Formally the Floyd-Warshall algorithm does not apply to graphs containing negative weight cycle(s). But for all pairs of vertices $i$ and $j$ for which there doesn't exist a path starting at $i$, visiting a negative cycle, and end at $j$, the algorithm will still work correctly.

For the pair of vertices for which the answer does not exist (due to the presence of a negative cycle in the path between them), the Floyd algorithm will store any number (perhaps highly negative, but not necessarily) in the distance matrix. However it is possible to improve the Floyd-Warshall algorithm, so that it carefully treats such pairs of vertices, and outputs them, for example as $-\text{INF}$.
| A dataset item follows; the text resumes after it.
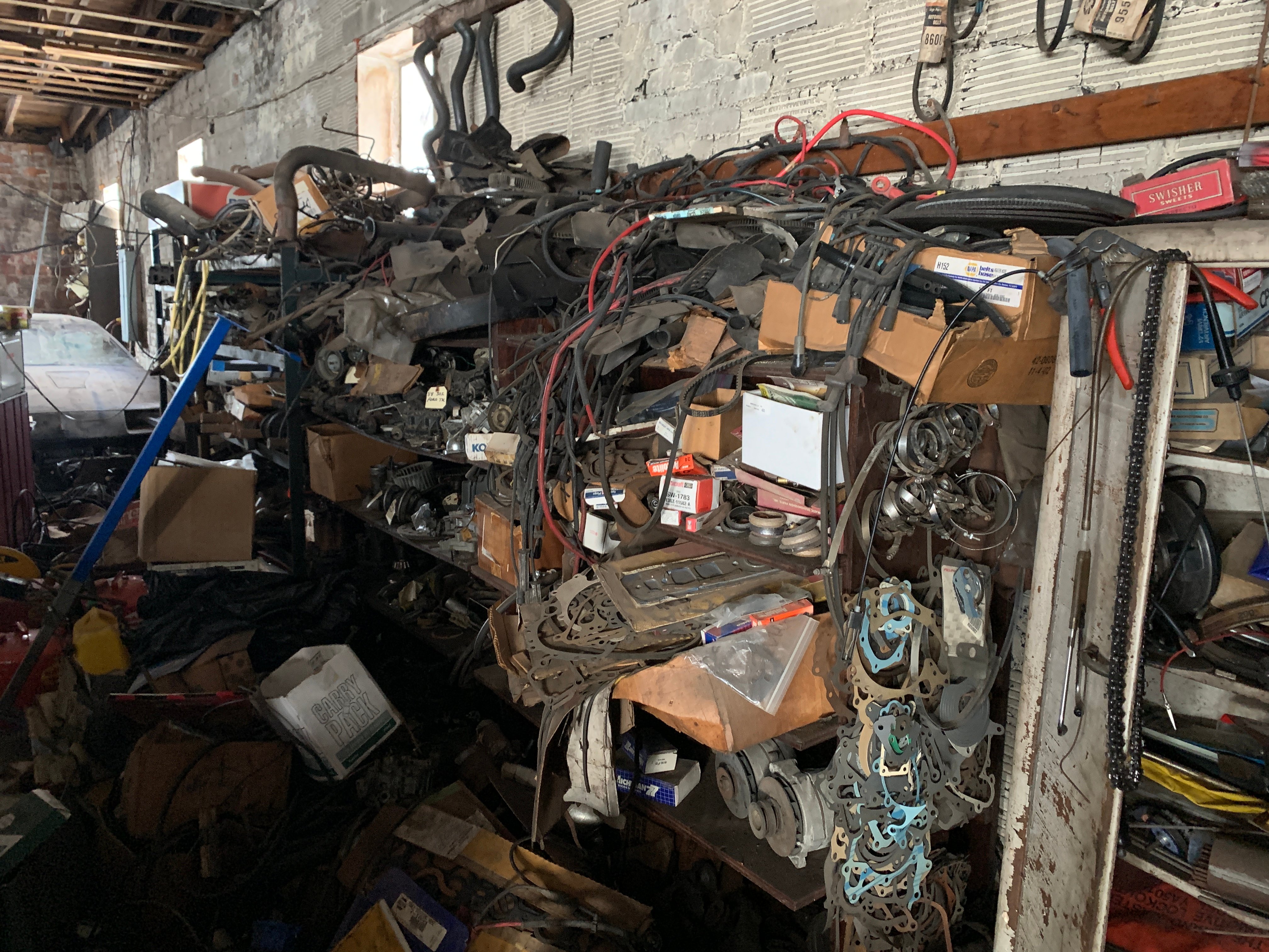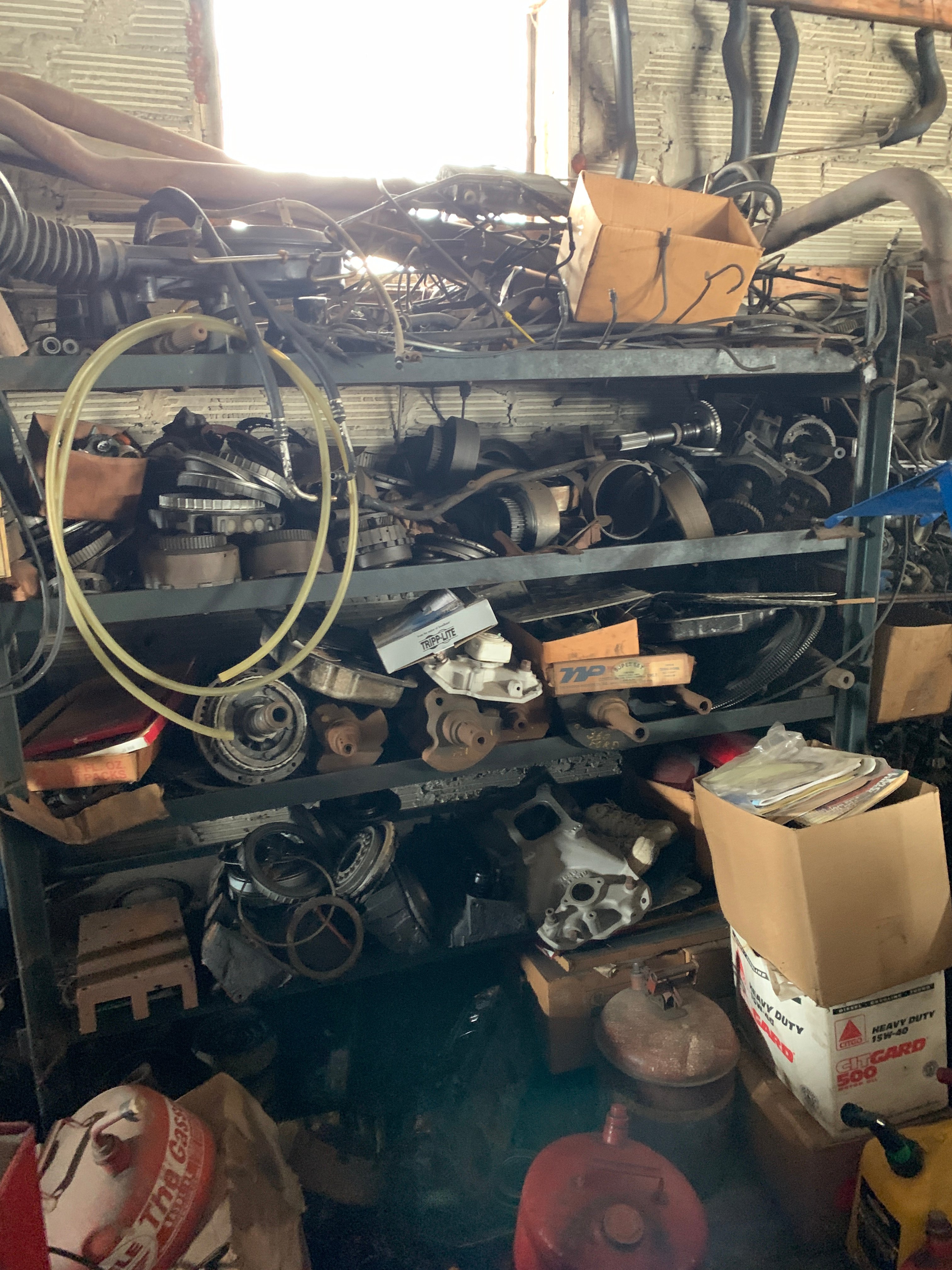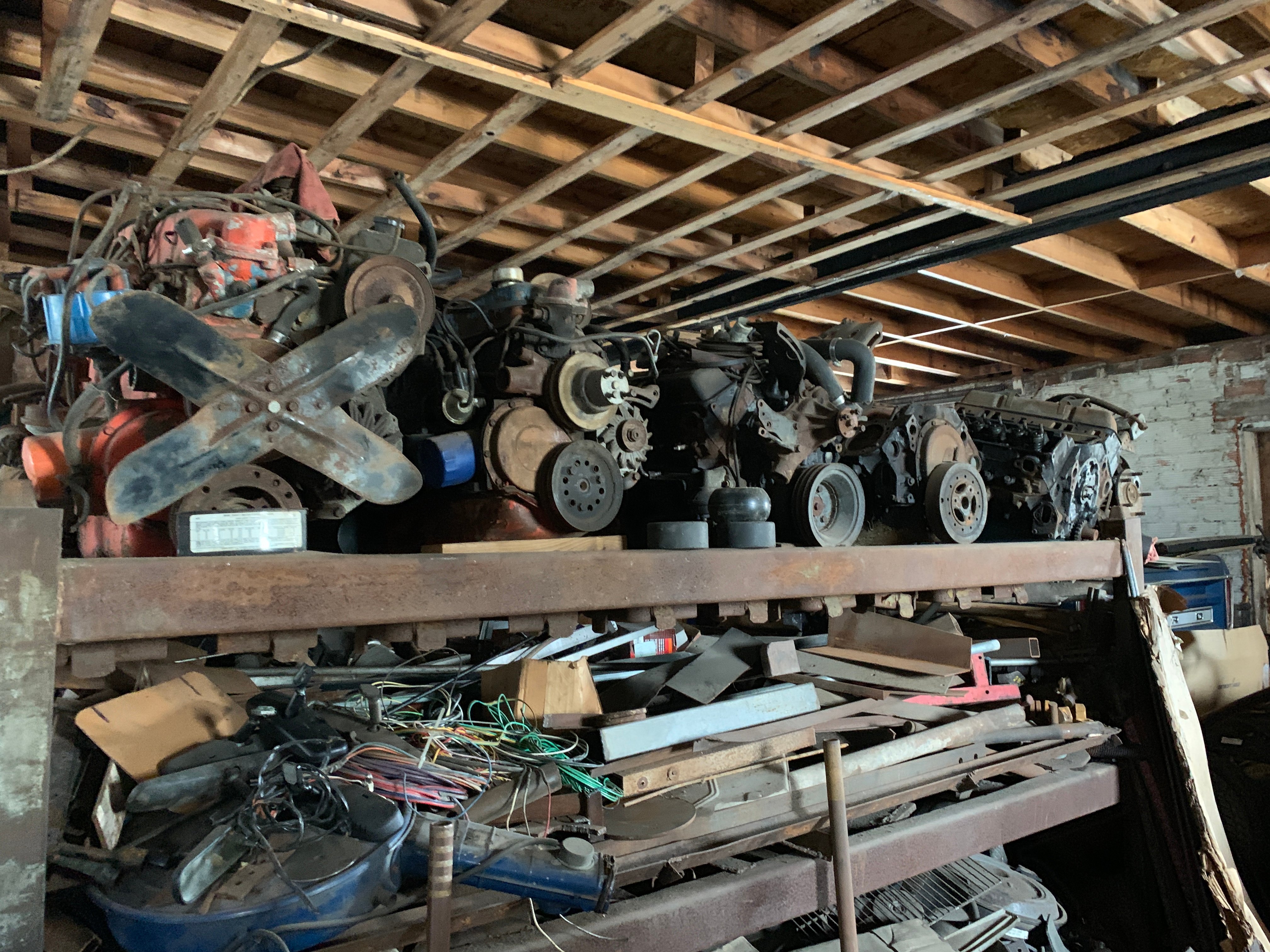 Massive Assortment of Ford & Chevy Auto Parts: Engines, Big Blocks, Transmissions, Parts Motors, Alternators, Frames, Doors, Hoods, Doghouses, Axles, Cabs, Tailgates, Steering Columns, Belts, Gears, Auto Parts, Starters, Mufflers, Rims, Fenders, Seats, Bumpers, Fans, Supplies, Transmission Castings, Engine Cradles, Dash Consoles; Camaro Front-ends & Rear-ends; Lg. Asst. Corvette Doghouses & Parts; Tires; NOS Radiators; New Ford Truck Doors; Engine Hoists; Chain Hoists; A-Frame Hoist; Motor Stands; Snap-On Counselor II Analyzer; Snap-On ACT 3000 Refrigerant Recovery Recycling Center; Snap-On MT290 Fuel Injection Tester; Snap-On Testing Kits; Blue-Point Specialty Tools; Snap-On Specialty Tools; Snap-On Sandblasting Cabinet; Kwik-Way Commercial Sandblasting Cabinet; McCulloch FG6000MK Generator; Porta-Power; Millermatic C200 Welder; Lincoln Hi-Freq Arc Welder; Clarke Weld 100E MK2 Mig Welder; Hobart Welders; Lincoln 250 Wire Matic Welder; Torch Sets; Upright Air Compressors; Ingersoll-Rand Commercial Air Compressor; Battery Chargers; Portable Air Tanks & Compressors; Safety-Kleen 60 Parts Washer; Sioux Steam Parts Cleaner; Van Norman 570 Rotary Broach; Van Norman Engines; Sperry Sonoflux Md. AB100 Magnetic Particle Inspection Machine; Ammco Model 5000 Giant Safe-Turn Brake Drum Lathe; Sheet Metal Brake; W.F. Wells & Sons Md. H, 9 in. Metal Cutting Bandsaw; Peterson Valve Guide Seat Machine; Sunnen Md. LB Grinder; Tamco Valve Grinder; Lempco Drum Lathe; Kam-Knurl #37 Knurling Machine; Tillis Mfg. Co. Md. 119 Lathe; Machinist Lathe; Machinist Tools & Tooling; Calipers; Micrometers; Niagara Shear; Nugier Md. H60-14 60 Ton Shop Press; Carolina Ind. 30 Ton Shop Press; 5 in. Turret Vise; Tru-Drill 12 sp. Drill Press; South Bend Drill Press; Cummins Drill Press; Metal Cutting Band Saw; Bench Grinders; DeWalt Chop Saw; Craftsman Professional Series Compound Miter Box on Stand; Craftsman Combination Sander; Craftsman Cont. Series Table Saw; Makita 5 in. Orbit Sander; Milwaukee Sawzall; Makita Pad Sander; Bostitch Brad & Finish Nailers; DeWalt Framing Nailer; Air Tools; Impacts; ¾ Drive Socket Set; Lg. Asst. of Power & Hand Tools; Wrenches; Pipe Wrenches; Lg. Monkey Wrench; Sockets; Huge Asst. Hardware: Bolts, Nails, Screws, Washers; C-Clamps; Material Rollers; Craftsman Roll-Around Toolboxes; Tool Carts & Totes; Toolboxes; Organizers; Bolt Bins; Drill Indexes; Truck Toolboxes; Electrical Supplies; Electric Service 3 Phase Panels; Auto Supplies: Cleaners, Filters, Repair Parts; Grease Guns; Oilers; Car Manuals; Air Bumper Jack; Floor Jacks; Pallet Racking; Steel, Metal & Wood Shelving; Storage Cabinets; Work Tables; Steel Rolling Carts; Hand Carts; Furniture Dollies; Alum. & Fiberglass Step & Extension Ladders; Folding Ladder; Log Chains; Come-a-longs; Chain Binders; Ratchet Straps; Reese Hitches; Jack Stands; Bottle Jacks; Creepers; Dyna-Glo Pro Heater; Craftsman Shop Vacs; Air Hoses; Ext. Cords; Fans; Squirrel Cage Fan; Shop Lights; Window AC Unit; Garage Door; Lg. Assortment of Scrap Metal; Appliances for Parts; Lumber; Drywall; Patio Furniture; Folding Chairs; Turkey Fryer; Hoses & Reels; Bug Light; Live Traps;

This can be done in the following way: let us run the usual Floyd-Warshall algorithm for a given graph. Then a shortest path between vertices $i$ and $j$ does not exist, if and only if, there is a vertex $t$ that is reachable from $i$ and also from $j$, for which $d[t][t] < 0$.

In addition, when using the Floyd-Warshall algorithm for graphs with negative cycles, we should keep in mind that situations may arise in which distances can get exponentially fast into the negative. Therefore integer overflow must be handled by limiting the minimal distance by some value (e.g. $-\text{INF}$).

To learn more about finding negative cycles in a graph, see the separate article Finding a negative cycle in the graph.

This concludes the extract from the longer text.